As life sciences companies get large enough, there are plenty of lab information management systems on the market, from vendors like ThermoFisher Scientific and Benchling. “Once your process is very rigid, you can use one of those systems and repeat the same experiment 10,000 times very easily. But at the beginning of the process, where you might do 5,000 experiments two or three times, it’s very messy data,” he says. “A lot of what our software does is not only harmonize the data, but integrate it into a single database, and we have search functionality that allows scientists to visually construct those first, complicated queries that a data scientist might write with a language like SQL. But we want people to be able to do that in a more hands-on way. We want to put the ability to query in the hands of scientists that aren’t computationally sophisticated.”
One opportunity may come from the largest lab information management system vendors, who are trying to sell to life sciences companies as they evolve from small startups to larger, better-funded businesses. The problem is migrating years of spreadsheets and other files onto new platforms. “And you might easily spend a million dollars manually cleaning up that data,” says Huitt. “A lot of time what vendors say is, we do that, and our professional services rate is $300 to $400 an hour. And companies are paying that, but it costs.
“And actually, a very interesting avenue for us is we’re talking to a couple of those large vendors now that have those professional services groups, and the folks in those professional services groups look just as haggard as that lady I was talking about earlier, trying to answer those questions herself. We’re talking to those companies right now to use our platform behind the scenes to accelerate their professional services practices. If they can take 60 to 80% of the workload off these professional services folks, they can get people on to their platform much, much faster.’
The challenge – and opportunity for Snthesis – is that life sciences data is growing rapidly, particularly in North Carolina, an industry hub. “Biological data doubles every seven months.” And it is not only Big Data, but deep data, with massive amounts of metadata about each piece of data. “The metadata is often in a worse state than the data,” says Huitt.
“That’s all going into the spreadsheets or into other files. And so, one of the other things we do, we don’t just process spreadsheets. We process all those other files too, and recognize things like sample identifiers, so that we can form the web of relationships between that data in an automated fashion.

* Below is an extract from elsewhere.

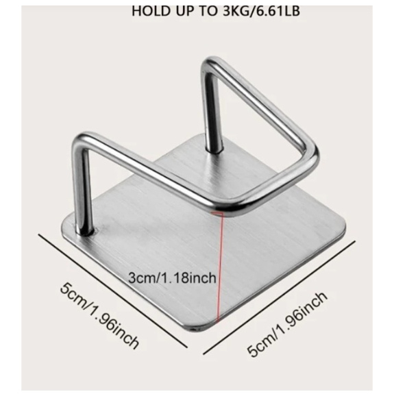 Agora sua esponja não precisa mais ficar toda encharcada e perdida pela cozinha! Com o nosso suporte você coloca sua esponja para escorrer toda a água, não acumulando bactérias e além de fazer bem é super discreto, dando um estilo a mais para sua cozinha. É um suporte para a pia e também outros utensílios domésticos, pode ser utilizado como gancho multiuso para pendurar objetos diversos. COMO INSTALAR: - Limpe e seque bem a superfície em que o produto será instalado. - É colado através de fita dupla face, sem necessidade de furar a parede ou a pia. - Remova o papel protetor. Não toque no adesivo. - Após colar, mantenha pressionado durante 30 segundos. Aguarde 24 horas antes de pendurar algum objeto CARACTERÍSTICAS DO PRODUTO: - Excelente material, feito com liga de ferro, resistente a alta corrosão e não enferruja. DIMENSÕES: Altura: 5 cm Comprimento: 5 cm Largura: 3,5 cm COR: APENAS PRATA!

So, if you ask the system, give me all of the sequences related to sample xyz, you can pull all of those sequences up and figure out where they’re stored on your cloud computing system, or your internal data warehouse, where those actual genomic sequence files live.”
And so, companies can answer questions quickly, such as “Can I file a patent about this? Can I demonstrate a chain of custody that links back to a legal agreement that I am legally allowed to use this sample for x, y and z purposes?”
He talked about group of researchers he visited that was doing imaging of zebrafish throughout their entire life cycle as part of the development of cancer treatments. “And these files are huge, like 10 terabytes per file per fish. And this lab, they have literally a storage closet full of boxes and boxes and boxes of hard drives where they’ll treat a fish with a particular compound to see how its cancer reacts. The cure for cancer could very well be on one of those hard drives.”